__Task details__:
With the pictures omitted, print exactly the lines below, from the one containing "slová v kontexte" through the one containing "2025年度汤旺县享受农机购置第四批公示表", and nothing else.

__Dataset entries__:
===============

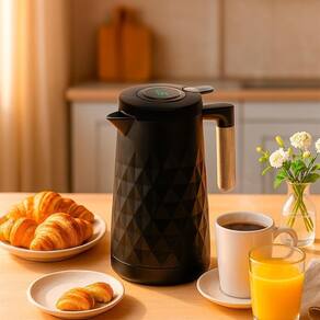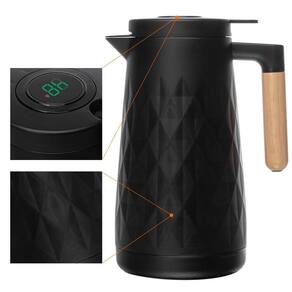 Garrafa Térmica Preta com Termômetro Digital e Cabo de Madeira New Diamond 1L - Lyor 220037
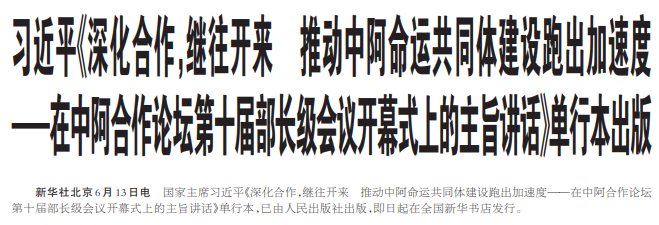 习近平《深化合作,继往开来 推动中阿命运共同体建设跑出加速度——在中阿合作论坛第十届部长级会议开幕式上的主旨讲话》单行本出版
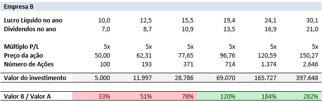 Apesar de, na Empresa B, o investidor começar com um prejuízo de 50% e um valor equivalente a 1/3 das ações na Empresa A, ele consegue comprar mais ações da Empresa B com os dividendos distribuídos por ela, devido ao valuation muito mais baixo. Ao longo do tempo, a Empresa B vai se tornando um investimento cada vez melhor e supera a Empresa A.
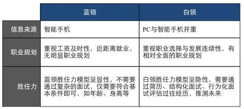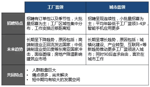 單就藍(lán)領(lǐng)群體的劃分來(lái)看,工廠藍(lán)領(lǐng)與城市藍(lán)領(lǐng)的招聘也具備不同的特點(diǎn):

===============

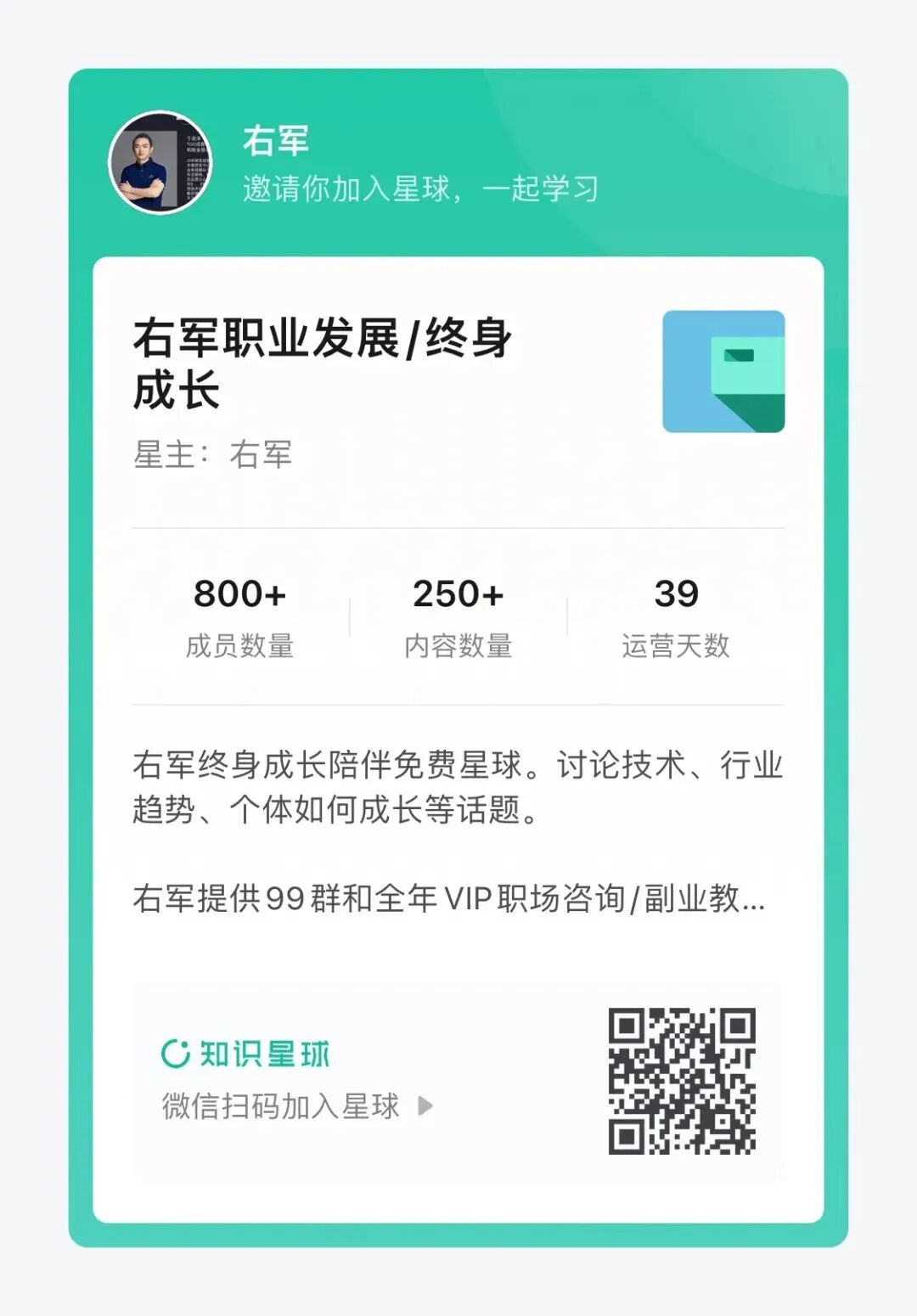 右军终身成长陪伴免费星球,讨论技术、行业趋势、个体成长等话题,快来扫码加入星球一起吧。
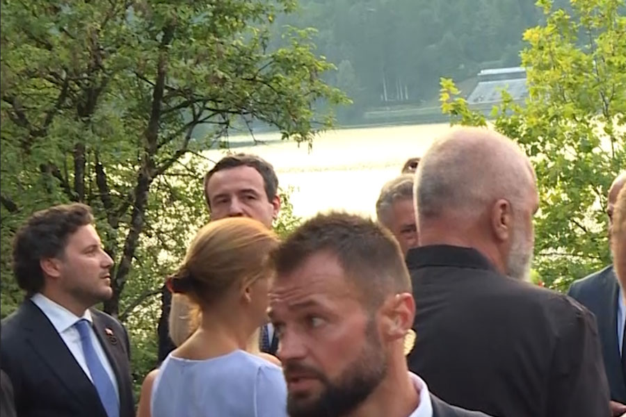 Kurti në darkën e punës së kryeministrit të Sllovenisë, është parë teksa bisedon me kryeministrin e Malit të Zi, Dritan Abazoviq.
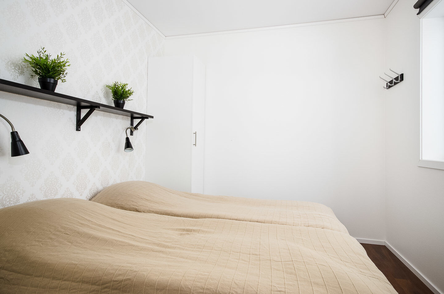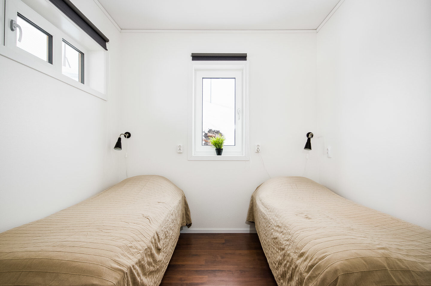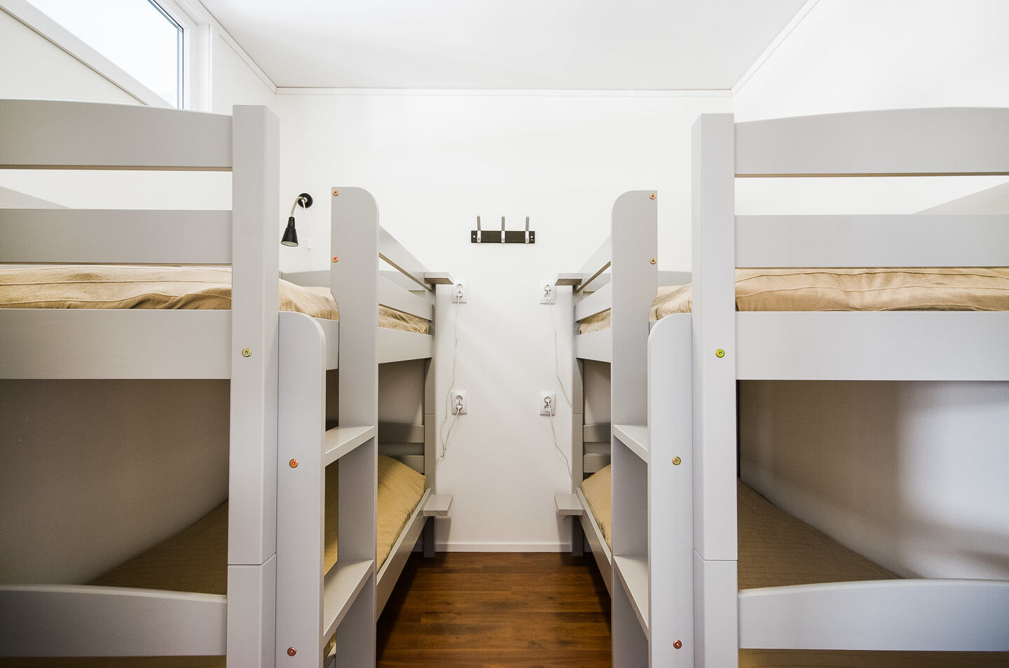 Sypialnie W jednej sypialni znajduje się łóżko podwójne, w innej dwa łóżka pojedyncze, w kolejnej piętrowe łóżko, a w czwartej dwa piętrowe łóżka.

===============

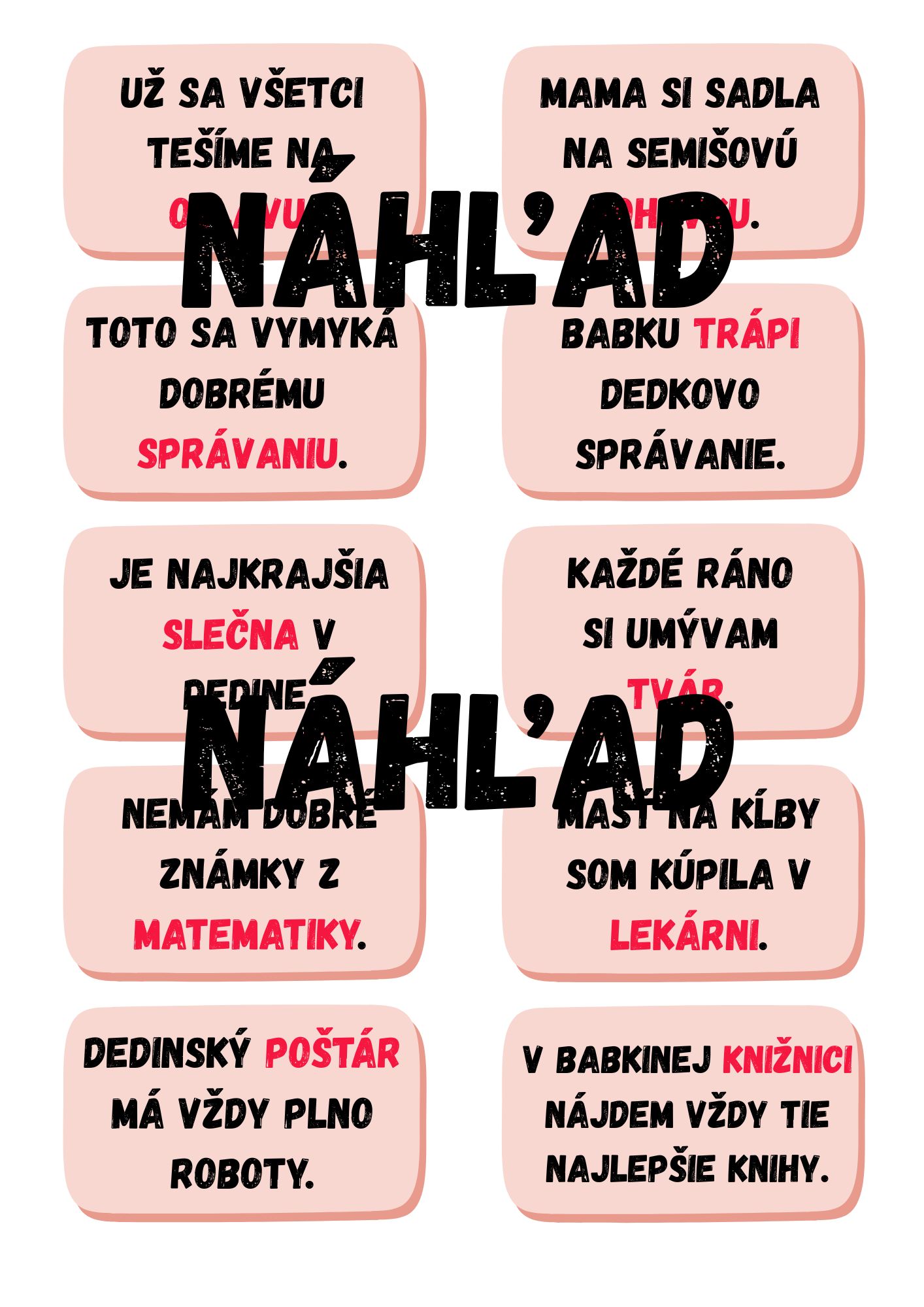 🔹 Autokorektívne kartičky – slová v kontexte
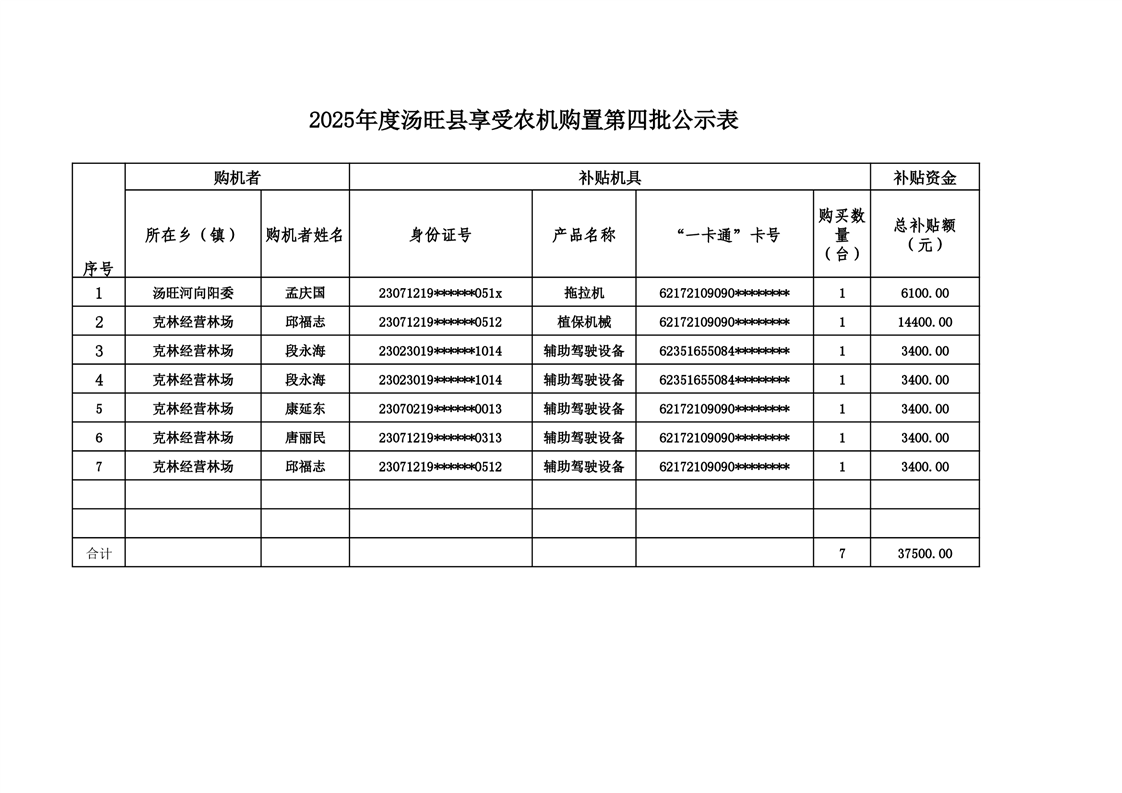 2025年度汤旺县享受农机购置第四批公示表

===============

__Solved exercise__:
 🔹 Autokorektívne kartičky – slová v kontexte
 2025年度汤旺县享受农机购置第四批公示表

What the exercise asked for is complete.